Research that analyzed the results of four large studies found that tamoxifen effectively reduces breast cancer risk in women younger than 55 who are at high risk. This benefit outweighed the costs and potential side effects of treatment. The research was published online in the journal Cancer.
Treating the women in the studies with tamoxifen for 5 years saved lives. The average life expectancy of high-risk women treated with tamoxifen was higher than the average life expectancy of high-risk women not treated with tamoxifen.
Tamoxifen is a SERM (selective estrogen receptor modulators) hormonal therapy medicine. Evista (chemical name: raloxifene) is also a SERM hormonal therapy medicine. (Evista wasn't evaluated in this study.) SERMs block the action of estrogen in breast and certain other cells by sitting in the cells' estrogen receptors. SERMs don't affect all estrogen receptors the same way because they're selective (as the name says). In bone cells, SERMs interact with the receptors the way estrogen does and strengthen bones. In breast cells, SERMs block the receptors' interaction with estrogen and limit cell growth.
Tamoxifen is used to:
- reduce the risk of breast cancer in pre- and postmenopausal high-risk women
- Results from the very large National Surgical Adjuvant Breast and Bowel Project study released in 1998 showed that treating high-risk women with tamoxifen reduced their overall invasive breast cancer risk by 50%.
- reduce the risk of hormone-receptor-positive breast cancer coming back (recurring) when given after surgery and other treatments (radiation therapy, chemotherapy)
- treat advanced-stage, hormone-receptor-positive breast cancer
Tamoxifen also can improve bone health in women taking it to treat breast cancer. Still, tamoxifen isn't approved by the U.S. Food and Drug Administration (FDA) to be used only to improve bone health.
Evista is used to:
- strengthen bones in women with osteoporosis
- reduce breast cancer risk in high-risk postmenopausal women
- reduce breast cancer risk in postmenopausal women with osteoporosis
Results from the very large STAR (Study of Tamoxifen and Raloxifene) study showed that treating high-risk postmenopausal women with either Evista or tamoxifen reduced their breast cancer risk by 50%.
Both tamoxifen and Evista are FDA-approved to reduce breast cancer risk in high-risk postmenopausal women. Only tamoxifen is FDA-approved to reduce breast cancer risk in high-risk premenopausal women. Both tamoxifen and Evista are pills taken by mouth. Each is taken for 5 years to reduce breast cancer risk in high-risk postmenopausal women.

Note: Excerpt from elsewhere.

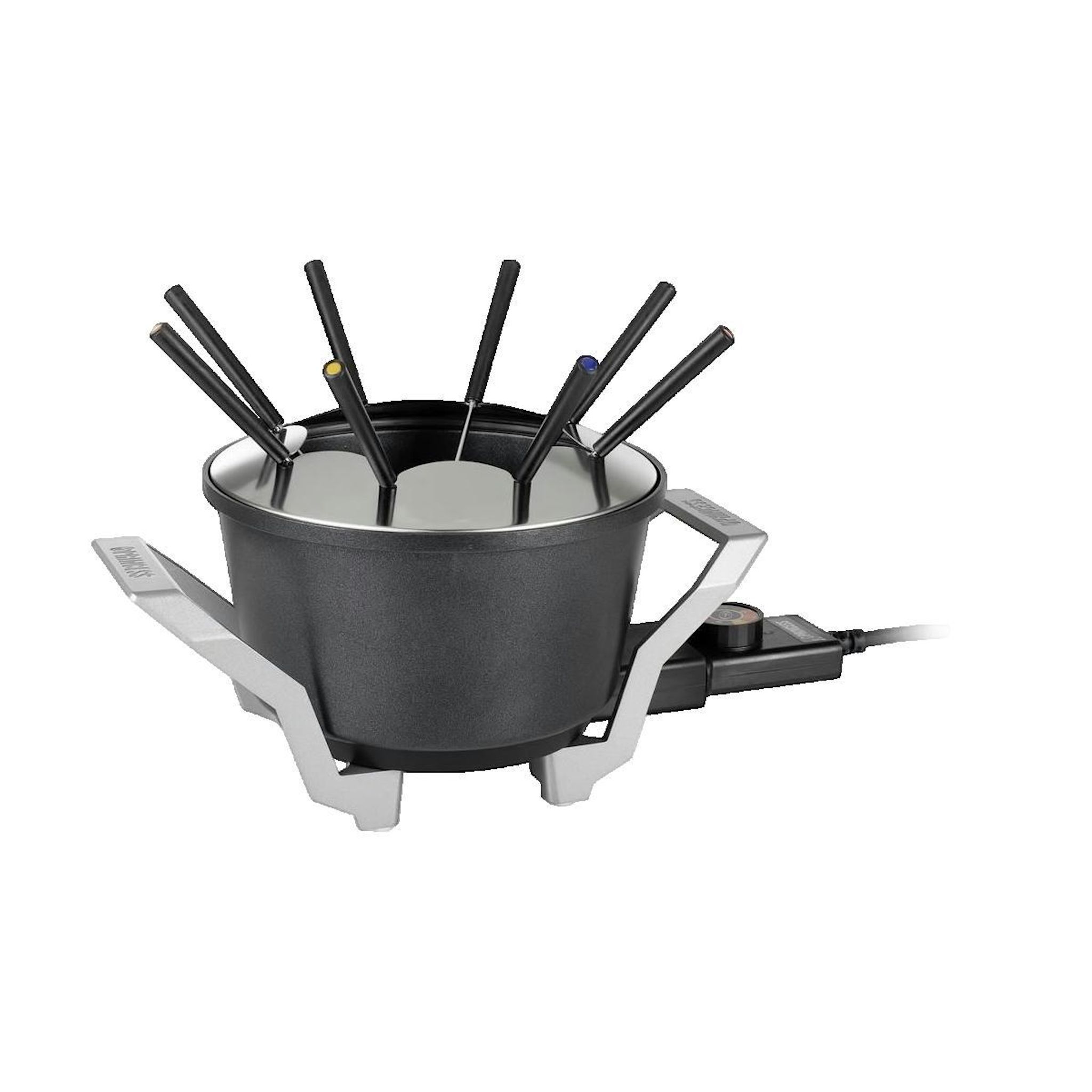 La Fondue Princess 173100 est idéale pour des repas conviviaux jusqu'à 8 personnes. Elle dispose d'une puissance de 800 W avec thermostat réglable pour chauffer rapidement fromage et chocolat. Fabriquée en aluminium moulé avec un revêtement antiadhésif, elle assure un nettoyage facile. Ses pieds antidérapants garantissent une grande stabilité. Design moderne noir mat pour une intégration parfaite dans toutes les cuisines. Comprend 8 fourchettes en acier inoxydable, câble de 2 mètres. La partie amovible est lavable au lave-vaisselle pour un entretien simplifié.

Postmenopausal women taking Evista to strengthen bones and reduce the risk of osteoporosis regardless of their breast cancer risk may take Evista for more than 5 years.
Because tamoxifen and Evista work in the same way, they have the same possible risks and side effects, including:
- hot flashes
- joint pain
- leg cramps
- flu-like symptoms
- blood clots deep in the legs
- a blood clot that travels to the lungs (called a pulmonary embolism)
The likelihood or severity of any side effect seems to be different for each medicine. One study found that women taking tamoxifen were more likely than women taking Evista to have bothersome hot flashes and sweating, while women taking Evista were more likely to have joint pain.
Because of the risk of potentially life-threatening blood clots, tamoxifen and Evista are NOT recommended for women who have had a serious blood clot or are at high risk for blood clots.
If you're a pre- or postmenopausal woman and your breast cancer risk is higher than average, talk to your doctor about your risk and the steps you can take to lower that risk. Your doctor can help you figure out your true risk and decide if medicine -- such as tamoxifen or Evista -- to lower your risk is appropriate for your unique situation. You and your doctor may use the National Cancer Institute's interactive risk calculator tool. This tool uses your personal and family medical history to objectively assess your breast cancer risk.